[Items from a data source]

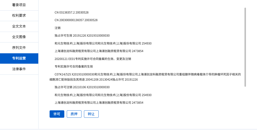 專利運(yùn)營數(shù)據(jù):許可/質(zhì)押/轉(zhuǎn)讓信息查看
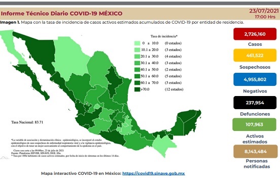 Respecto al avance en vacunación, con corte de las 21:00 h del jueves 22 de julio se aplicaron un millón 376 mil 213 dosis, para un acumulado de 58 millones 249 mil 143 biológicos desde el 24 de diciembre del 2020.
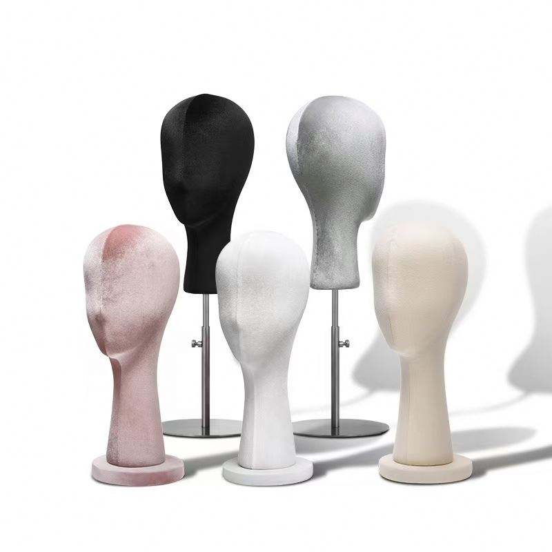 หุ่นโชว์วิกผมผู้หญิงแบบกำมะหยี่ โฟม ผ้า สำหรับร้านเสริมสวย สีตามสั่ง ขายส่ง
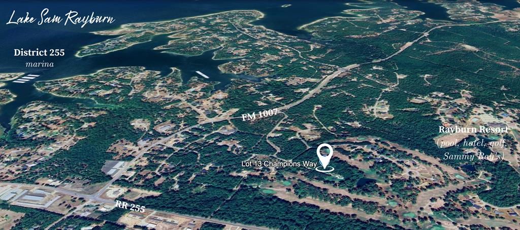A half acre lot with GOLF COURSE FRONTAGE ready for a new owner and a new build on Champions Way in Rayburn Country! It offers a picturesque landscape for your future Rayburn Country home. Bring your creative ideas for your dream home that is just a short golf cart ride to the clubhouse, swimming pool, golf course, restaurants, and tennis courts at Rayburn Resort. This lot is minutes from the local boat launch and amenities. Rayburn Country is located on the southern end of Lake Sam Rayburn and is surrounded world class fishing, the Angelina National Forest, and is a prime Texas vacation spot. Enjoy versatile real estate opportunities from weekend vacation homes, retirement properties, and short term rentals in a sought after location. There is a small wet weather creek at the very front of the lot and it is priced accordingly to leave room for the new owner to put in a culvert. Bring us an offer!!
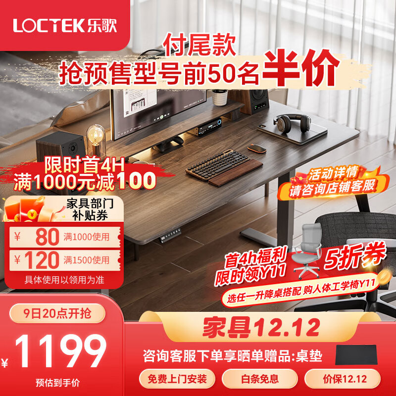 乐歌电动升降电脑桌站立式书桌家用台式写字桌书桌E2灰胡桃木色1.2m桌价格:1299.00元!
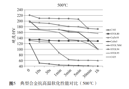 本文中列举了几个典型铜及铜合金带在 500℃ 下的抗高温软化性能,如图 5 所示。
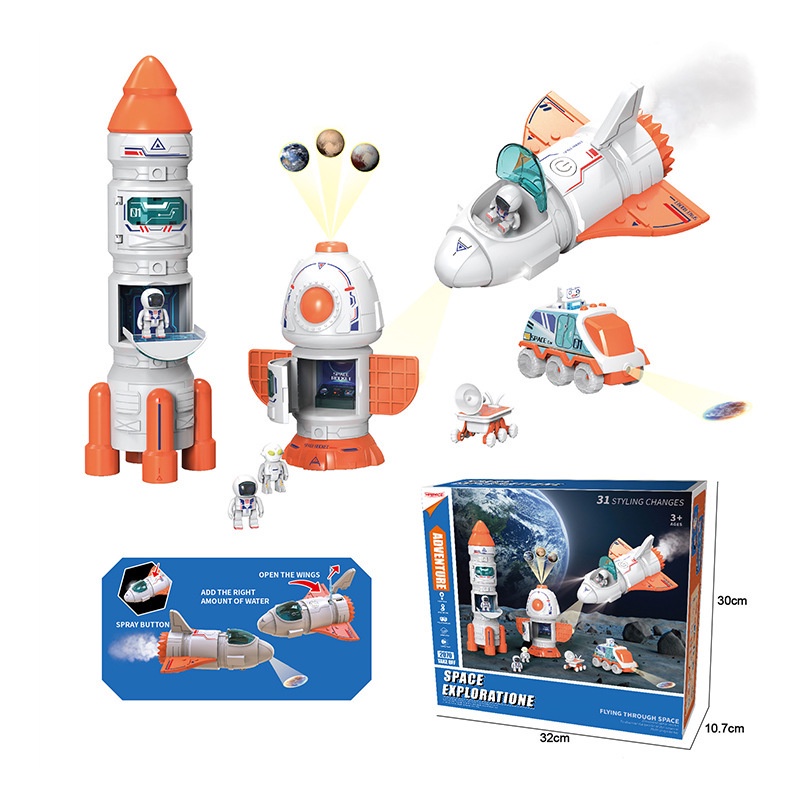Space Toy for Kids Rocket Ship Toys with Space Shuttle, Astronaut Figures, Space Rover, Spaces Station Spaceship Toy with Sound & Lights
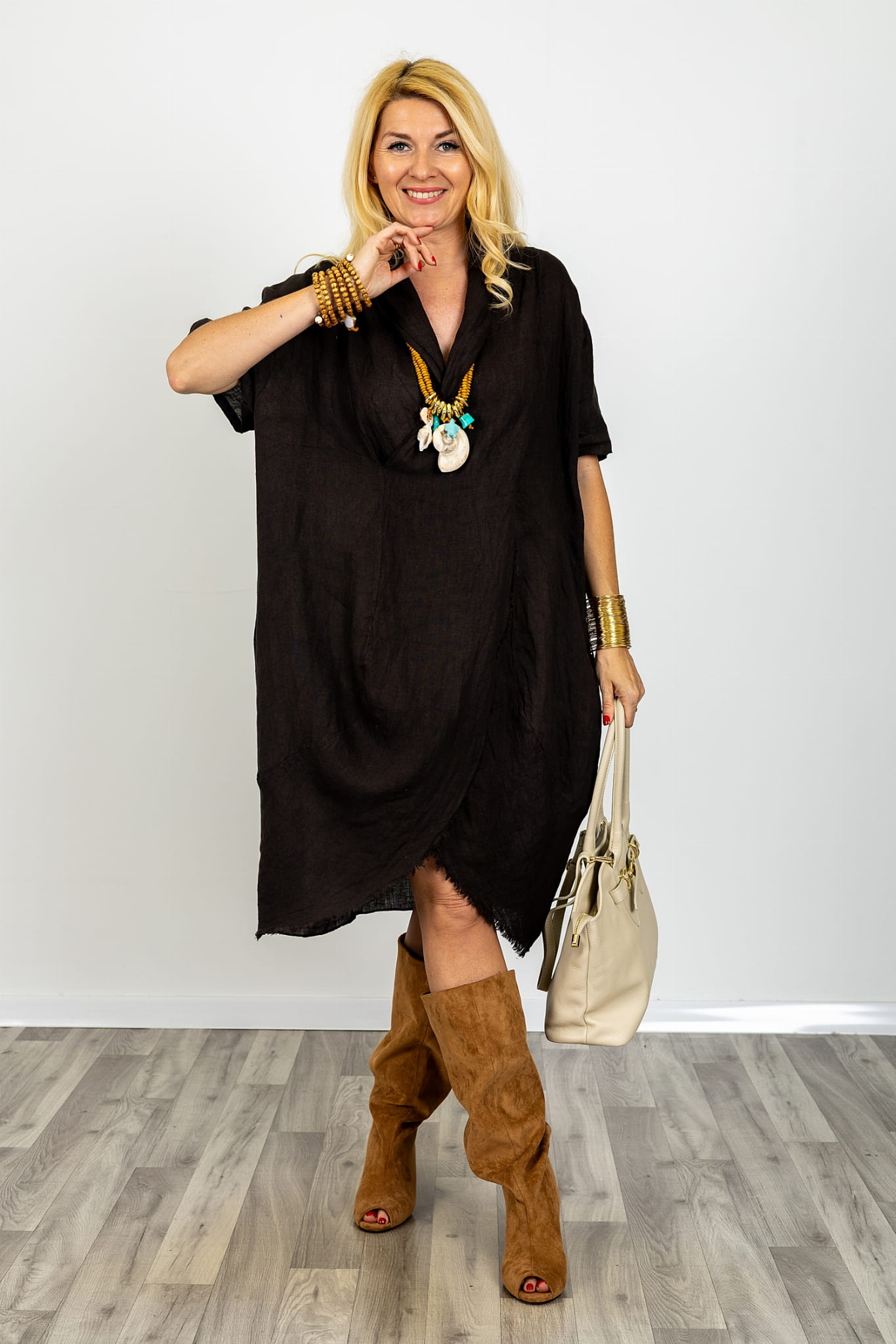 Sukienka lniana midi asymetryczna ze strzępionym dołem z kieszeniami i rękawem kimono dekoltem V kopertowym Oristano brązowa
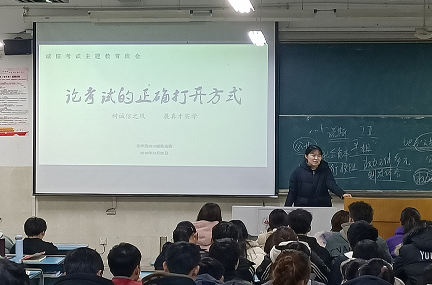 为加强学风建设,端正学生考试态度,2018级行政管理和法学一班积极响应学校建设考风考纪的号召,于12月27日下午在2010304教室开展考风考纪主题班会。本次班会由辅导员冯晟主持,全体同学认真听讲。
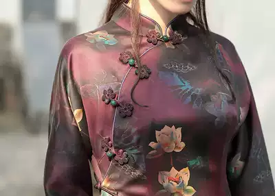 Xi Hanyue {Zi He} silk fragrant cloud yarn handmade slim cheongsam dress female long version flower autumn elegant temperament
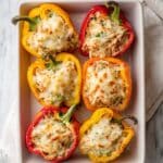 These Creamy Chicken Stuffed Peppers are a delicious and healthy meal option featuring tender bell peppers filled with a flavorful mixture of shredded chicken, reduced-fat cream cheese, salsa verde, and cheddar cheese. Baked to perfection, this comforting dish delivers a perfect balance of creamy texture and zesty flavor, making it ideal for a nutritious weeknight dinner.
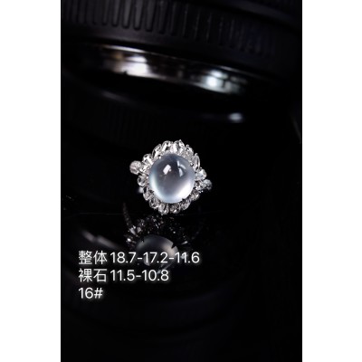翡翠戒指,18k金鑲高冰蛋面戒指,裸石:6.0-5.3
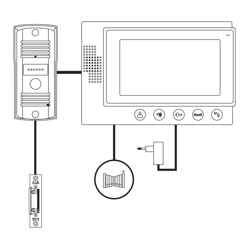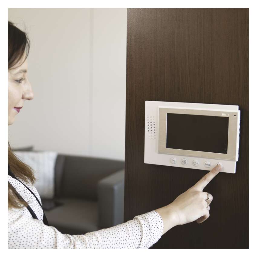Einfaches Türvideoanlage-Set. Das Bild wird auf einem großen 7"-LCD-Farbdisplay angezeigt. Das Gerät wird durch den mitgelieferten 12V-Adapter versorgt. Das Gerät ermöglicht die Bedienung des Türschlosses und der Torbewegung.
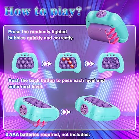 Thông tin sản phẩm AOTIBO Fast Push Machine Light Up Fidget Toys for Kids Adults, Handheld Game for Kids 3-12, Quick Push Bubble Stress Toy, Sensory Toys Travel Games, Xmas Birthday Gifts for Boys Girls (Blue - Purple)
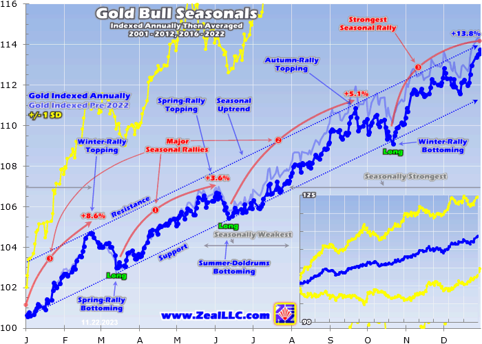 The usual frenzied Western jewelry buying heading into Christmas shifts to pure investment demand after year-end. That’s when Western investors figure out how much surplus income they earned during the prior year after bonuses and taxes. Some of this is plowed into gold in January, driving it higher. Finally gold’s big winter rally climaxes in late February on major Chinese New Year gold buying flaring up in Asia.

WHAT YOU SHOULD DO: All the data above is to be transcribed exactly, with no pictures included.

SOLUTION BELOW:
 專利運(yùn)營數(shù)據(jù):許可/質(zhì)押/轉(zhuǎn)讓信息查看
 Respecto al avance en vacunación, con corte de las 21:00 h del jueves 22 de julio se aplicaron un millón 376 mil 213 dosis, para un acumulado de 58 millones 249 mil 143 biológicos desde el 24 de diciembre del 2020.
 หุ่นโชว์วิกผมผู้หญิงแบบกำมะหยี่ โฟม ผ้า สำหรับร้านเสริมสวย สีตามสั่ง ขายส่ง
A half acre lot with GOLF COURSE FRONTAGE ready for a new owner and a new build on Champions Way in Rayburn Country! It offers a picturesque landscape for your future Rayburn Country home. Bring your creative ideas for your dream home that is just a short golf cart ride to the clubhouse, swimming pool, golf course, restaurants, and tennis courts at Rayburn Resort. This lot is minutes from the local boat launch and amenities. Rayburn Country is located on the southern end of Lake Sam Rayburn and is surrounded world class fishing, the Angelina National Forest, and is a prime Texas vacation spot. Enjoy versatile real estate opportunities from weekend vacation homes, retirement properties, and short term rentals in a sought after location. There is a small wet weather creek at the very front of the lot and it is priced accordingly to leave room for the new owner to put in a culvert. Bring us an offer!!
 乐歌电动升降电脑桌站立式书桌家用台式写字桌书桌E2灰胡桃木色1.2m桌价格:1299.00元!
 本文中列举了几个典型铜及铜合金带在 500℃ 下的抗高温软化性能,如图 5 所示。
Space Toy for Kids Rocket Ship Toys with Space Shuttle, Astronaut Figures, Space Rover, Spaces Station Spaceship Toy with Sound & Lights
 Sukienka lniana midi asymetryczna ze strzępionym dołem z kieszeniami i rękawem kimono dekoltem V kopertowym Oristano brązowa
 为加强学风建设,端正学生考试态度,2018级行政管理和法学一班积极响应学校建设考风考纪的号召,于12月27日下午在2010304教室开展考风考纪主题班会。本次班会由辅导员冯晟主持,全体同学认真听讲。
 Xi Hanyue {Zi He} silk fragrant cloud yarn handmade slim cheongsam dress female long version flower autumn elegant temperament
 These Creamy Chicken Stuffed Peppers are a delicious and healthy meal option featuring tender bell peppers filled with a flavorful mixture of shredded chicken, reduced-fat cream cheese, salsa verde, and cheddar cheese. Baked to perfection, this comforting dish delivers a perfect balance of creamy texture and zesty flavor, making it ideal for a nutritious weeknight dinner.
翡翠戒指,18k金鑲高冰蛋面戒指,裸石:6.0-5.3
Einfaches Türvideoanlage-Set. Das Bild wird auf einem großen 7"-LCD-Farbdisplay angezeigt. Das Gerät wird durch den mitgelieferten 12V-Adapter versorgt. Das Gerät ermöglicht die Bedienung des Türschlosses und der Torbewegung.
 Thông tin sản phẩm AOTIBO Fast Push Machine Light Up Fidget Toys for Kids Adults, Handheld Game for Kids 3-12, Quick Push Bubble Stress Toy, Sensory Toys Travel Games, Xmas Birthday Gifts for Boys Girls (Blue - Purple)
 The usual frenzied Western jewelry buying heading into Christmas shifts to pure investment demand after year-end. That’s when Western investors figure out how much surplus income they earned during the prior year after bonuses and taxes. Some of this is plowed into gold in January, driving it higher. Finally gold’s big winter rally climaxes in late February on major Chinese New Year gold buying flaring up in Asia.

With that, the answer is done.